In der zweiten Hälfte des 20. Jahrhunderts stieg sowohl die Zahl der weiblichen Studierenden und Apothekeninhaberinnen als auch – wenngleich langsamer – der Anteil an Professorinnen.

Ab 1920 konnten sich Frauen an deutschen Universitäten habilitieren – damit war auch die Voraussetzung für weibliche Professoren gegeben. Zehn Jahre später war es in der Pharmazie erstmals so weit: In Hamburg gelang der Apothekerin Ilse Esdorn mit einer Arbeit über die Hartschaligkeit der gelben Lupine am Staatsinstitut für angewandte Botanik der Einstieg in eine wissenschaftliche Karriere in der Pharmakognosie (Drogenkunde).


Frauen in der Pharmazie


Teil 1: DAZ 2012, Nr. 51, S. 81

Teil 2: DAZ 2013, Nr. 4, S. 85

oder unter www.adexa-online.de

Ilse Esdorn (1897 – 1985)

Die Kaufmannstochter Ilse Esdorn wurde 1897 in Braunschweig geboren und besuchte dort das Herzogin-Elisabeth-Lyzeum. Ihre pharmazeutische Lehrzeit absolvierte sie in Bergedorf und Braunschweig, wo sie 1918 ihr pharmazeutisches Vorexamen ablegte. Anschließend arbeitete sie als Apothekengehilfin in Rostock – eine Voraussetzung für das Pharmaziestudium.

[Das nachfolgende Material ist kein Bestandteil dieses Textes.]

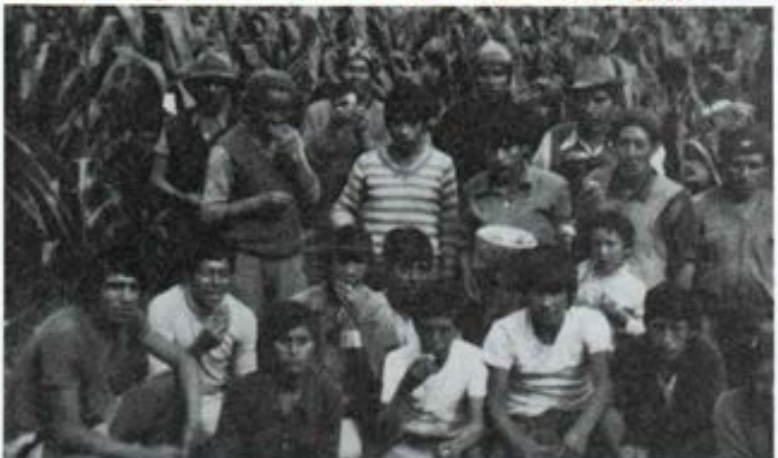
Compartiendo con ellos trabajo y pan.... en Calca.

Bei den Pharmaziestudierenden war der Frauenanteil inzwischen auf immerhin zehn Prozent angestiegen und lag damit sogar geringfügig über dem Schnitt sämtlicher Studierender. Trotzdem dürften es die Kommilitoninnen in dem damals noch männlich dominierten akademischen Umfeld schwergehabt haben.

Nach dem pharmazeutischen Staatsexamen (1922 in Braunschweig) war Esdorn Assistentin und Doktorandin des Botanikers und Phytopathologen Prof. Gustav Gassner an der TH Braunschweig. Ihre Dissertation schrieb sie über "Untersuchungen über Einwirkung von Röntgenstrahlen auf Pflanzen".

1927 ging Esdorn nach Hamburg und war als wissenschaftliche Angestellte an der Universität tätig. Von 1932 bis 1940 hatte sie einen Lehrauftrag für Pharmakognosie, hielt Vorlesungen über die "Grundzüge des Arzneipflanzenbaus" und führte Heilkräuterexkursionen für Mediziner durch.

Die Ernennung zur Beamtin wurde ihr 1936 verweigert, weil im Nationalsozialismus Frauen in höheren Positionen unerwünscht waren. 1937 trat sie selbst in die NSDAP ein. Als zwei Jahre später die Fachrichtung Pharmazie in Hamburg eingestellt wurde, wechselte Esdorn als Abteilungsleiterin ans "Reichsinstitut für ausländische und koloniale Forst- und Holzwirtschaft" in Reinbek bei Hamburg, wo sie 1941 zur außerplanmäßigen Professorin ernannt wurde.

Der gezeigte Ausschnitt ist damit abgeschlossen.